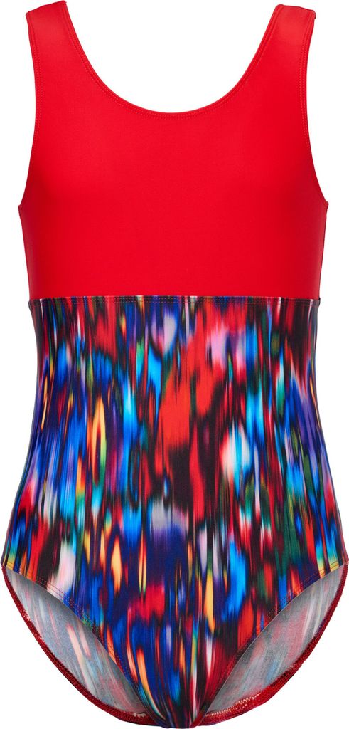 Teenager Mädchen Badeanzug einteilig UV Schutz 50 MS10-445 (Rot/Bunte, 158)
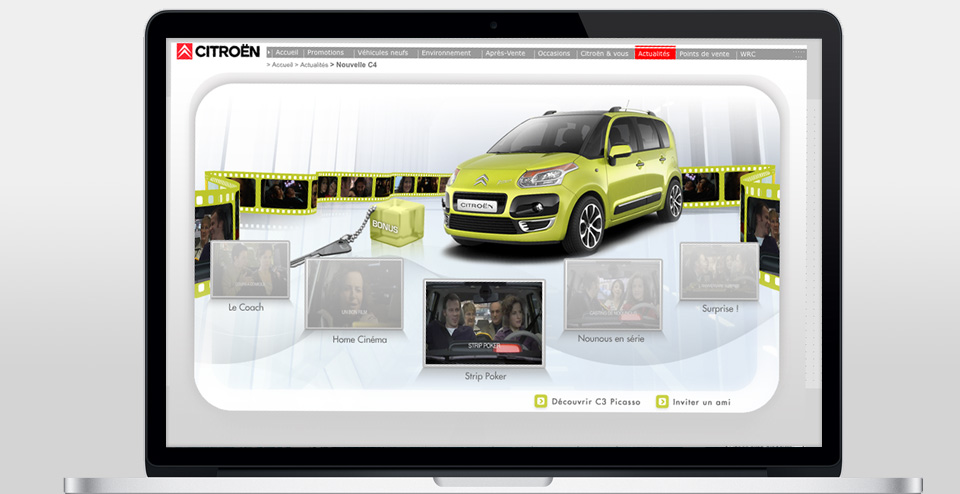 Conception graphique du site événementiel pour le lancement du c3 picasso.
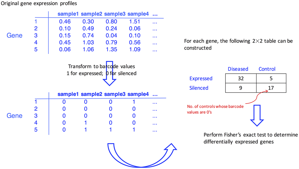 To determine if the expressed ratios differed in the diseased group versus the control group, Fisher’s exact test for individual genes was carried out upon the barcode values. Genes with a false discovery rate (FDR) of < 0.05, which was calculated through the Benjamini-Hochberg (BH) procedure [51] to adjust for multiple testing issue, were considered as differentially expressed genes in the respective gastric cancer and Parkinson’s disease cohorts. The flowchart of the proposed procedure is given in Figure 4.

┄┄┄┄┄┄┄┄┄┄┄┄┄┄┄┄┄┄┄┄

## [WORK TO COMPLETE]
Would you print the material exactly once more, without any of its pictures?

## [TASK RESPONSE]
 Teenager Mädchen Badeanzug einteilig UV Schutz 50 MS10-445 (Rot/Bunte, 158)
 Conception graphique du site événementiel pour le lancement du c3 picasso.
 To determine if the expressed ratios differed in the diseased group versus the control group, Fisher’s exact test for individual genes was carried out upon the barcode values. Genes with a false discovery rate (FDR) of < 0.05, which was calculated through the Benjamini-Hochberg (BH) procedure [51] to adjust for multiple testing issue, were considered as differentially expressed genes in the respective gastric cancer and Parkinson’s disease cohorts. The flowchart of the proposed procedure is given in Figure 4.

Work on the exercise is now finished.